Environment Architecture

The Vagrant environment creates a minimal distributed setup with the following components:

  1. Ambari Server Node (vm1):

    • Primary controller node
    • Hosts Ambari Server and Web UI
    • Manages cluster configuration and operations
    • IP: 192.168.56.20
    • Web UI accessible at http://localhost:8080
  2. Agent Nodes (vm2, vm3):

    • Execute and monitor Hadoop services
    • Report status to Ambari Server
    • Support service distribution and scaling
    • IPs: 192.168.56.21-22
  3. Network Layout:

    • Private network for inter-node communication
    • Port 8080 forwarded for Ambari Web UI access
    • Automated hosts file configuration
    • Disabled firewall for development ease
  4. Shared Storage:

    • RPM repository accessible to all nodes
    • Consistent package access across cluster

Setting Up Vagrant Environment

  1. Create a new directory for your Vagrant environment:
mkdir ambari-vagrant
cd ambari-vagrant
  1. Create the RPM repository directory:
mkdir -p ./ambari-repo
  1. Create a Vagrantfile:
# Vagrantfile for Apache Ambari 3-node development environment
# This configuration creates a minimal cluster with one server and two agent nodes
# All manual configuration steps will be performed after VM creation

Vagrant.configure("2") do |config|
# VM 1 - Primary Ambari Server Node
# This VM will host the Ambari Server and Web UI
config.vm.define "vm1" do |vm1|
# Use Rocky Linux 8 as the base operating system
vm1.vm.box = "generic/rocky8"

# Set the hostname to vm1 for proper identification
vm1.vm.hostname = "vm1"

# Port forwarding for Ambari Web UI
# This allows accessing the Ambari interface at http://localhost:8080 from your host machine
vm1.vm.network "forwarded_port", guest: 8080, host: 8080

# Private network configuration
# Creates a private network for inter-VM communication with a static IP
vm1.vm.network "private_network", ip: "192.168.56.20"
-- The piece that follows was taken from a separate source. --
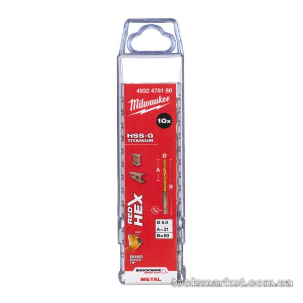 Свердло по металу RedHEX SHOCKWAVE™ HSS-TiN MILWAUKEE, діаметр 5,0х80х31мм, (10шт)

# VirtualBox provider-specific configuration
vm1.vm.provider "virtualbox" do |vb|
# Disable GUI mode (headless operation)
vb.gui = false

# Allocate 8GB RAM to this VM (minimum required for Ambari Server)
vb.memory = "8192"

# Allocate 2 CPU cores to this VM
vb.cpus = 2
end
end

# VM 2 - First Agent Node
# This VM will run Ambari Agent and host Hadoop services
config.vm.define "vm2" do |vm2|
# Use Rocky Linux 8 as the base operating system
vm2.vm.box = "generic/rocky8"

# Set the hostname to vm2 for proper identification
vm2.vm.hostname = "vm2"

# Private network configuration
# Creates a private network for inter-VM communication with a static IP
vm2.vm.network "private_network", ip: "192.168.56.21"

# VirtualBox provider-specific configuration
vm2.vm.provider "virtualbox" do |vb|
# Disable GUI mode (headless operation)
vb.gui = false

# Allocate 8GB RAM to this VM (minimum required for Hadoop services)
vb.memory = "8192"

# Allocate 2 CPU cores to this VM
vb.cpus = 2
end
end

# VM 3 - Second Agent Node
# This VM will run Ambari Agent and host additional Hadoop services
config.vm.define "vm3" do |vm3|
# Use Rocky Linux 8 as the base operating system
vm3.vm.box = "generic/rocky8"

# Set the hostname to vm3 for proper identification
vm3.vm.hostname = "vm3"

# Private network configuration
# Creates a private network for inter-VM communication with a static IP
vm3.vm.network "private_network", ip: "192.168.56.22"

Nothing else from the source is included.